Comparing Adsorption Properties of Algerian Kaolinite Towards Phosphate with Those of Activated Carbon: Adsorption Experiments, Molecular Modeling and an Initiative Toward Hydroponic Wastewaters Remediation

• Published in: Water, air, and soil pollution Vol. 235; no. 7; p. 422
• Main Authors: Fizir, Meriem, Richa, Amina, Touil, Sami, Fermous, Rachid, Tahir, Chahinez, Hassene, Imane, Wei, Liu, Douba, Houda
• Format: Journal Article
• Language: English
• Published: Cham Springer International Publishing 01.07.2024; Springer Nature B.V
• Subjects: Activated carbon; Activated clay; Adsorbents; Adsorption; Aqueous solutions; Atmospheric Protection/Air Quality Control/Air Pollution; Chemisorption; Climate Change/Climate Change Impacts; Contamination; Earth and Environmental Science; Environment; Experiments; Fourier transforms; Heterogeneity; Hydrogeology; Hydroponics; Infrared spectroscopy; Kaolinite; Kinetics; Molecular modelling; Phosphate; Phosphates; Phosphorus removal; Soil Science & Conservation; Wastewater treatment; Water Quality/Water Pollution; X-ray diffraction; Kaolinite; Adsorption; Activated carbon; Phosphate
• ISSN: 0049-6979; 1573-2932
• DOI: 10.1007/s11270-024-07235-w

In this research, adsorption properties of an Algerian kaolinite (KNTs) for removal of phosphate from aqueous solutions was compared with those of a commercial activated carbon (AC) in term of kinetics, equilibrium, and thermodynamic studies. Fourier Transform Infrared (FTIR) spectroscopy and X-ray diffraction (XRD) was used to characterize the adsorbants. Effect of various reaction parameters such as pH, adsorbent dose, adsorption time, and temperature on PO 4 3− adsorption by both adsorbents were explored and compared. Adsorption experiments showed that KNTs is a good adsorbent of phosphate. However, it is not superior to AC in terms of adsorption capacity. The maximum uptake capacity of AC and KNTs (71.89 and 16.93 mg/g) have been reached after 60 and 250 min, respectively. The two adsorbents showed a higher phosphate removal rate of 93.74% for AC and 69% for KNTs. The pH of the solutions, affect considerably the adsorption mechanism. The removal capacity results of PO 4 3− by KNTs showed significant fit with both pseudo-first-order and pseudo-second-order models proving the dominance of both physisorption and chemisorption mechanisms during the uptake of phosphate.
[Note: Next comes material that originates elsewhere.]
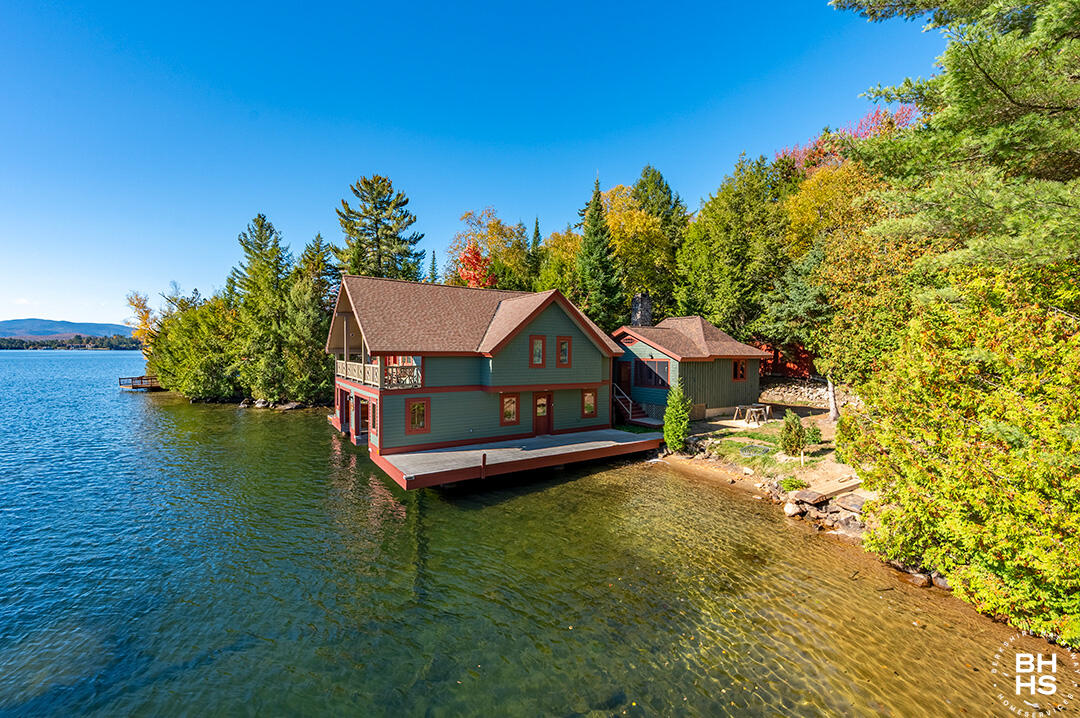 Buck Bay South is a boathouse constructed in the early 2000s with a connected 1930s cabin, set on Buck Island. This distinctive waterfront property blends modern comfort with classic Adirondack charm, highlighted by a spacious porch with sweeping views of Pulpit Rock. The property offers three bedrooms and two full bathrooms across its thoughtfully designed living spaces.The boathouse features an expansive living area with vaulted ceilings and a striking stone fireplace, creating a dramatic yet inviting gathering space. It also includes two covered boat slips and a large sauna--offering both comfort and immediate access to the water.The attached cabin has been thoughtfully renovated to preserve its character while incorporating modern updates. It features a full kitchen with new appliances, two full bathrooms, a new washer and dryer, and a screened porch. A second fireplace anchors the kitchen, bringing warmth and rustic charm to the heart of the space.Infrastructure improvements include spray foam insulation in the boathouse walls and ceilings, insulated windows, and electric baseboard heat supported by a 200-amp service. The cabin has been upgraded with a new roof, plumbing, and electrical systems. The property is serviced by a new engineered septic system and a combined 400-amp electrical service supporting both structures.An additional accessory building provides flexible space ideal for storage, a studio, or a gym.Buck Island is just a short boat ride from the mainland marina, providing convenient access while preserving the seclusion and privacy of an island setting. The two covered slips and sold mostly furnished. Easy to show !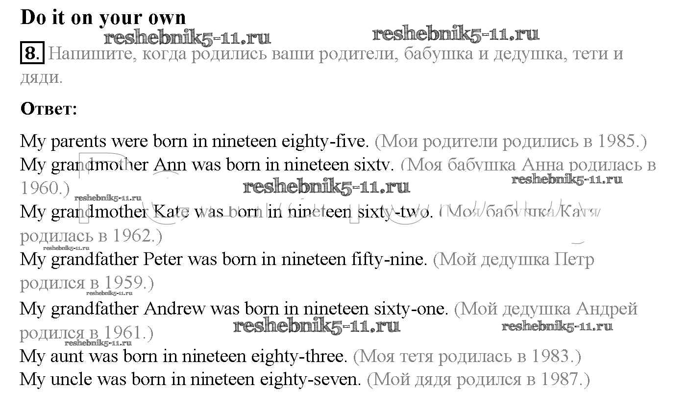 Готовая домашняя работа с ответами по Английскому языку за 5 класс Афанасьева, Михеева, Баранова Учебник Rainbow Часть 1, 2 Дрофа 2017 ФГОС - Step 3 8

Whereas, the adsorption of PO 4 3− by AC found to be controlled by physisorption only. Isotherm simulation studies of the adsorbents showed that KNTs presented high heterogeneity degree than AC and the adsorption of phosphate is well described by Temkin model. Adsorption/desorption experiments suggested that KNTs could be successfully regenerated in multiple times (at least three). Based on theoretical calculations, different configurations of KNTs@PO 4 3− were obtained after minimizing their energy using MM2 Server. The later revealed that phosphate with more charged (HPO 4 2− ), showed greater interaction energy than H 2 PO 4 − , which indicated that HPO 4 2− interaction with KNTs are more stable. The adsorption experiments in real hydroponic wastewaters further indicated the application potential of KNTs. This research offered potential candidate (Algerian kaolinite) for water cleaning up against phosphate contamination.